[[ RECORD EXCERPTS, beginning ]]
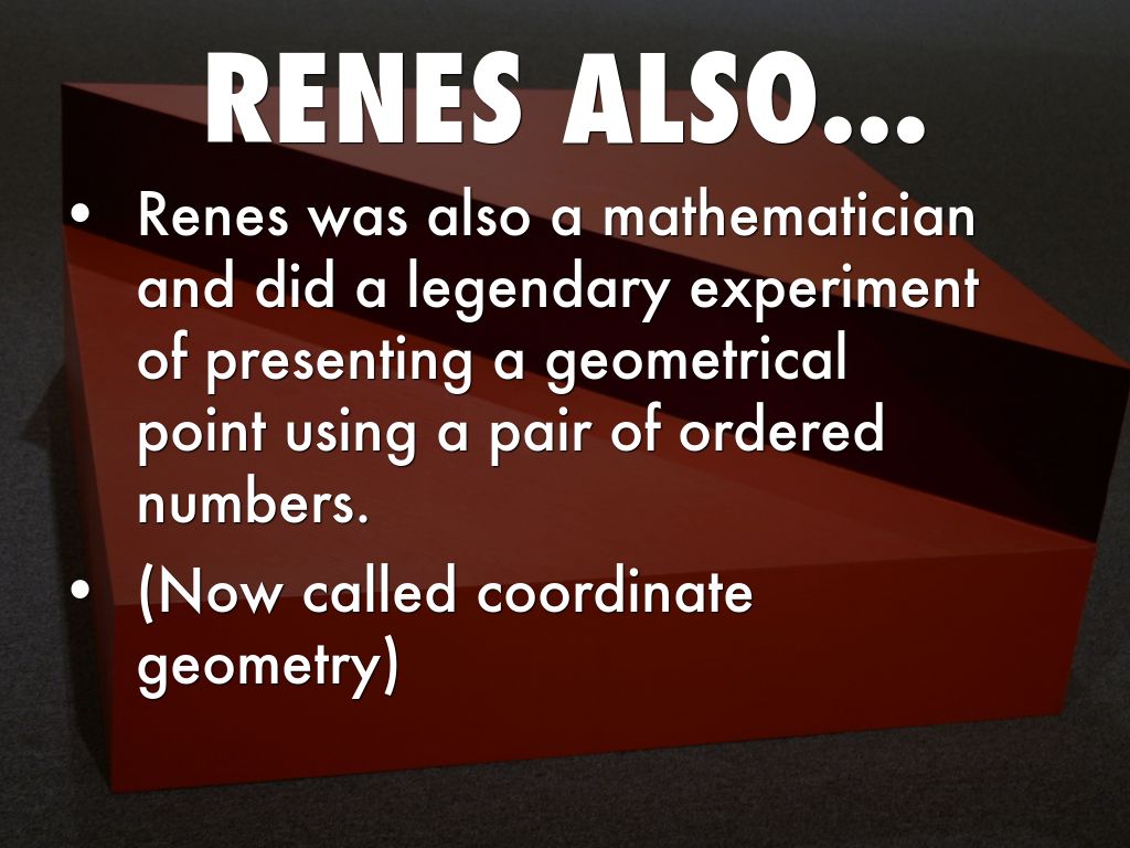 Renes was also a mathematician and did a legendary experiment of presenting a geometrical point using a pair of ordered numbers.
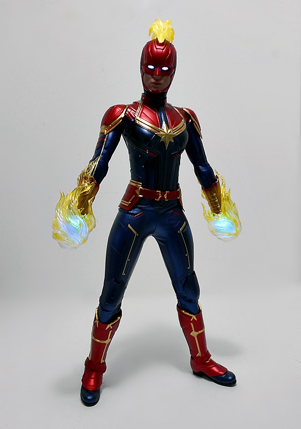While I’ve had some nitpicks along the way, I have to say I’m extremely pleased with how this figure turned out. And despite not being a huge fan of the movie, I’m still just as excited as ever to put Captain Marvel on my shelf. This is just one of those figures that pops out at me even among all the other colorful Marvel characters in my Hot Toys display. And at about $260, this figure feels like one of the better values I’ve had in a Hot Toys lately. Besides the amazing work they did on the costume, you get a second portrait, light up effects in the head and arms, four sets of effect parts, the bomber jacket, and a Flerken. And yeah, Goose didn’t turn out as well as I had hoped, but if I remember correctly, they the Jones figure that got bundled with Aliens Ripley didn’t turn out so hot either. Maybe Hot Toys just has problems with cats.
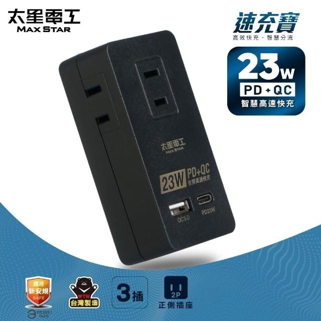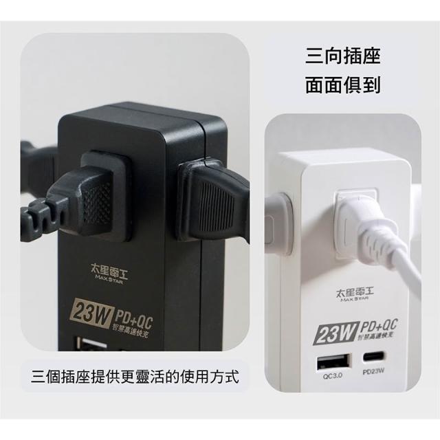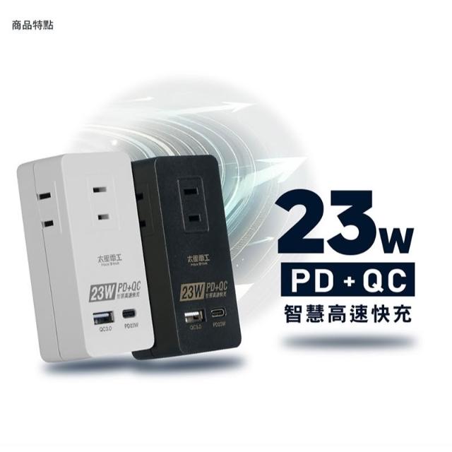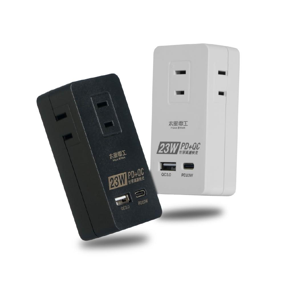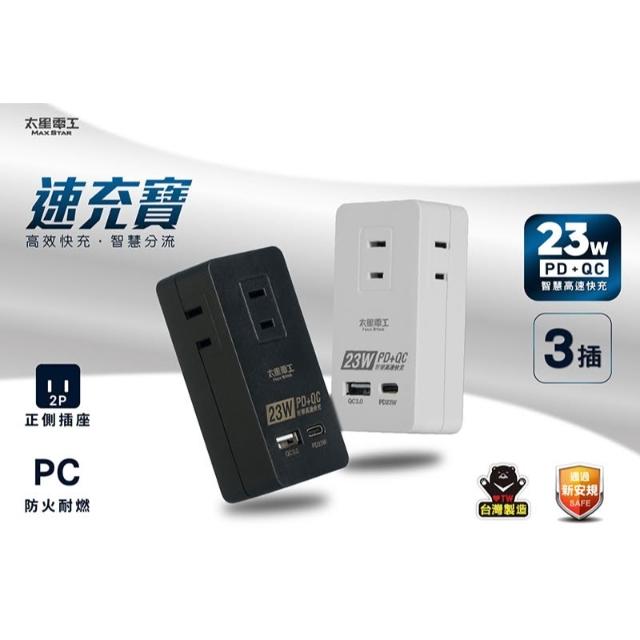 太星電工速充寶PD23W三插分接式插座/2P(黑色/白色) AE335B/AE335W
[[ RECORD EXCERPTS, end ]]
[[ RECORD EXCERPTS, beginning ]]
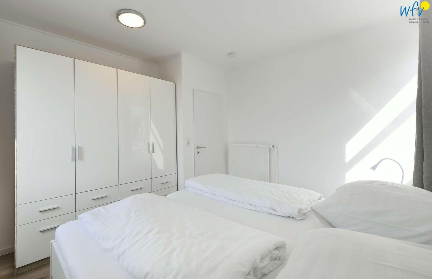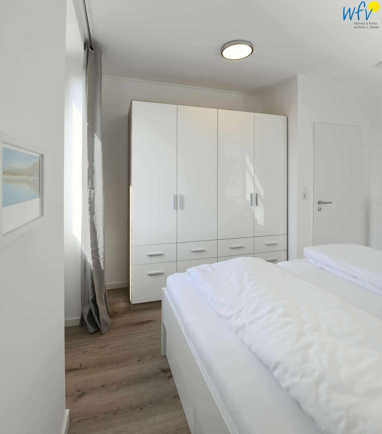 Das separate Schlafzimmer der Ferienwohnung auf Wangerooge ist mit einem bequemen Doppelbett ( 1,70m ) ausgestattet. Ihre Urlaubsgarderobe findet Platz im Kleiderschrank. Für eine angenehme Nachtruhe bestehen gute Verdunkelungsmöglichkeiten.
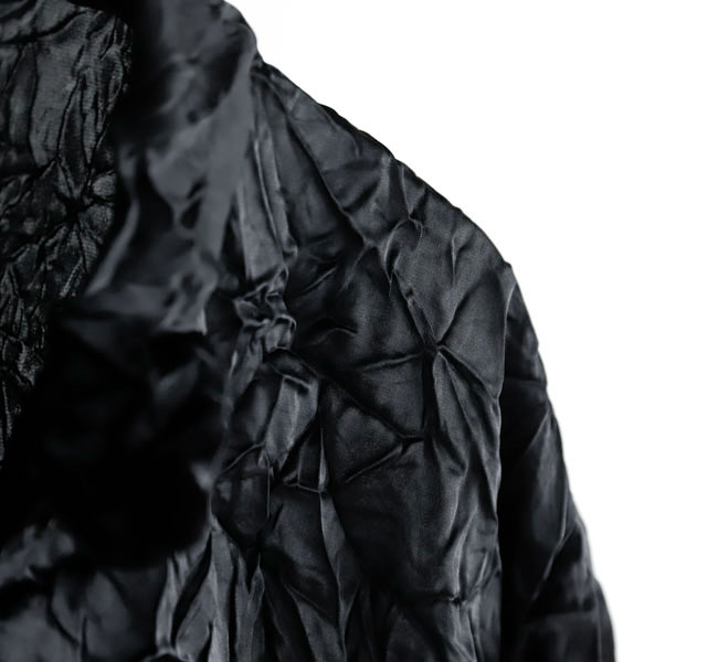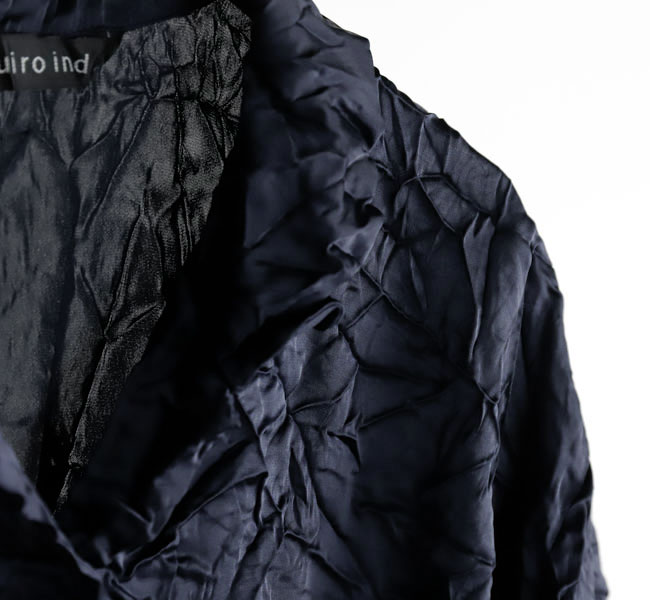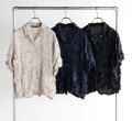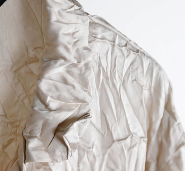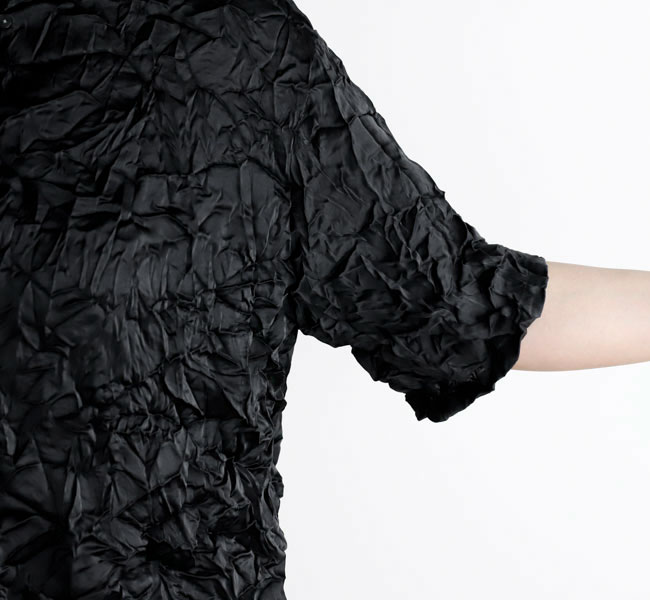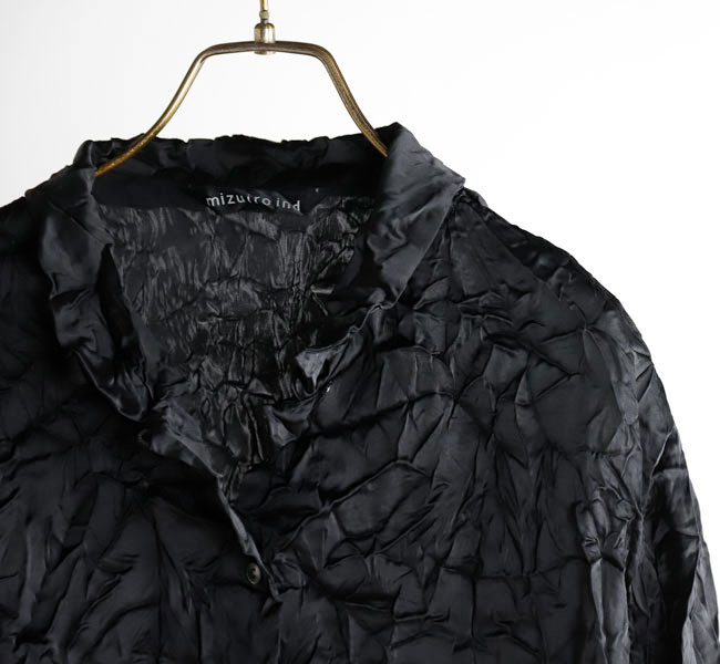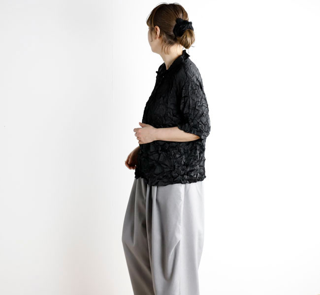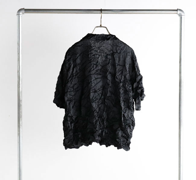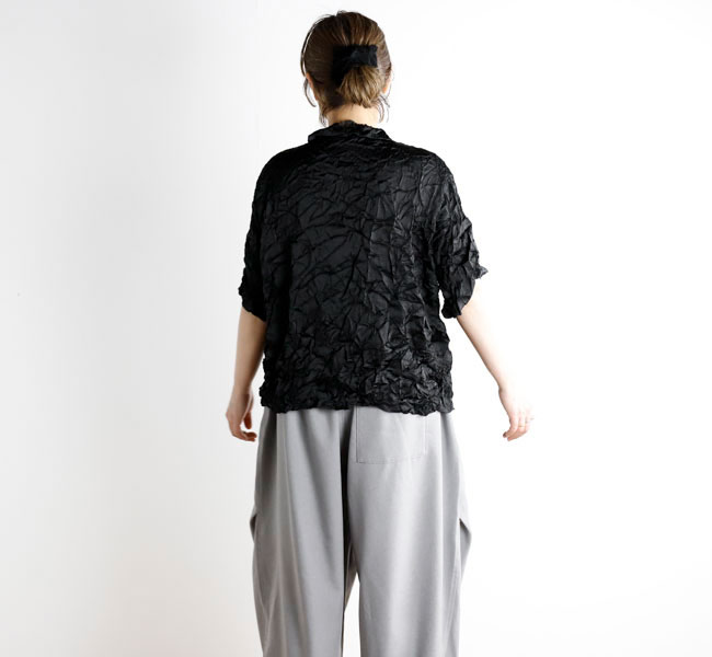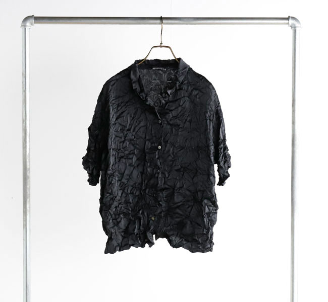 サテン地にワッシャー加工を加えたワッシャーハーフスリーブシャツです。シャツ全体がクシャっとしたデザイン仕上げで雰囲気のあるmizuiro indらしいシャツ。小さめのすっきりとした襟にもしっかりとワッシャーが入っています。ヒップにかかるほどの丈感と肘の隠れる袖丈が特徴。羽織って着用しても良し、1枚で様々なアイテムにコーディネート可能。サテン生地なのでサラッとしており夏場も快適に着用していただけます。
[[ RECORD EXCERPTS, end ]]
- **WORK INSTRUCTION**: Reproduce exactly the lines above starting at the line containing "While I’ve had" and ending at the line containing "太星電工速充寶PD23W三插", including both, but not the pictures.

- **ANSWER SPACE**:
While I’ve had some nitpicks along the way, I have to say I’m extremely pleased with how this figure turned out. And despite not being a huge fan of the movie, I’m still just as excited as ever to put Captain Marvel on my shelf. This is just one of those figures that pops out at me even among all the other colorful Marvel characters in my Hot Toys display. And at about $260, this figure feels like one of the better values I’ve had in a Hot Toys lately. Besides the amazing work they did on the costume, you get a second portrait, light up effects in the head and arms, four sets of effect parts, the bomber jacket, and a Flerken. And yeah, Goose didn’t turn out as well as I had hoped, but if I remember correctly, they the Jones figure that got bundled with Aliens Ripley didn’t turn out so hot either. Maybe Hot Toys just has problems with cats.
 太星電工速充寶PD23W三插分接式插座/2P(黑色/白色) AE335B/AE335W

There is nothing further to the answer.